Коль скоро мы собрались здесь, в этом очаровательном светлом зале этим холодным декабрьским вечером, чтобы обсудить невзгоды писателя в изгнании, остановимся на минутку и подумаем о тех, кто совершенно естественно в этот зал не попал. Вообразим, к примеру, турецких Gastarbeiter, бродящих по улицам Западной Германии, с недоумением или завистью взирая на окружающую действительность. Или вообразим вьетнамских беженцев, болтающихся на лодках в открытом море или уже осевших где-нибудь на задворках Австралии. Вообразим нелегальных иммигрантов из Мексики, ползущих по ущельям Южной Калифорнии мимо пограничных патрулей на территорию Соединенных Штатов. Или вообразим корабли, набитые пакистанцами, высаживающимися где-нибудь в Кувейте или Саудовской Аравии в поисках черной работы, которую разбогатевшие на нефти аборигены не желают делать. Вообразим толпы эфиопов, бредущих через некую пустыню в сторону Сомали (а может быть, наоборот?), спасаясь от голода. Давайте здесь остановимся, поскольку эта минута, отданная воображению, уже прошла, хотя многих можно было бы добавить к этому списку.
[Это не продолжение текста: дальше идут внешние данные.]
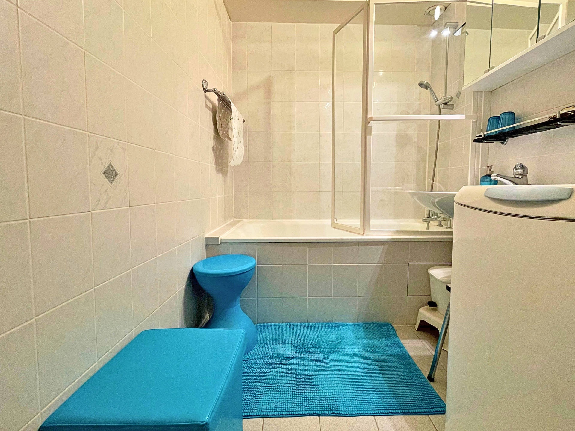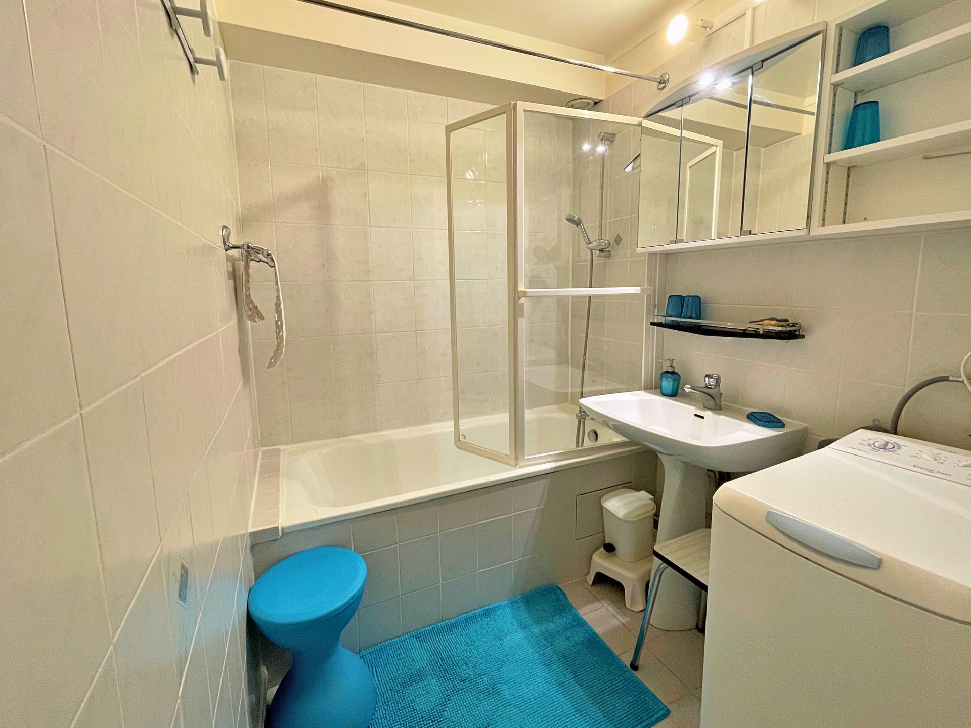 Bathroom: washbasin, bath, hair dryer

Никто никогда не считал этих людей, и никто, даже при поддержке ООН, не сочтет: они исчисляются миллионами, ускользая от статистики, и образуют то, что называется -- за неимением лучшего термина или большего сочувствия -миграцией.

Каково бы ни было правильное название для этого явления, чем бы ни руководствовались эти люди, откуда и куда бы они ни перемещались, какими бы ни были их воздействия на общества, которые они оставляют и в которые они приходят, одно совершенно ясно: они осложняют серьезный разговор о трудной судьбе писателя в изгнании.

Однако говорить мы должны; не только потому, что литература, подобно нищете, не оставляет своими заботами подопечных, но главным образом из-за древнего и, возможно, пока необоснованного убеждения, что если бы мастеров этого мира лучше читали, то дурное управление и горе, заставляющие миллионы пуститься в путь, несколько бы уменьшились. Поскольку особых оснований уповать на лучший мир нет и поскольку все остальное, по-видимому, в той или иной мере оказывается недейственным, мы вынуждены настаивать на том, что литература -- единственная форма нравственного страхования, которая есть у общества; что она неизменное противоядие принципу "человек человеку -волк"; что она приводит наилучший довод против любого массового, тотального решения, хотя бы потому, что вся она от начала и до конца -- о человеческом разнообразии и в этом ее raison d'etre. Мы должны говорить, потому что должны настаивать на том, что литература есть величайший -- безусловно, более великий, чем любое вероучение, -- учитель человеческой тонкости и, вмешиваясь в естественное существование литературы и мешая людям постигать ее уроки, общество снижает свой потенциал, замедляет ход эволюции и в конечном счете, возможно, подвергает опасности свое собственное устройство. Если это означает, что мы должны говорить сами с собой, тем лучше: не для нас, но, возможно, для литературы.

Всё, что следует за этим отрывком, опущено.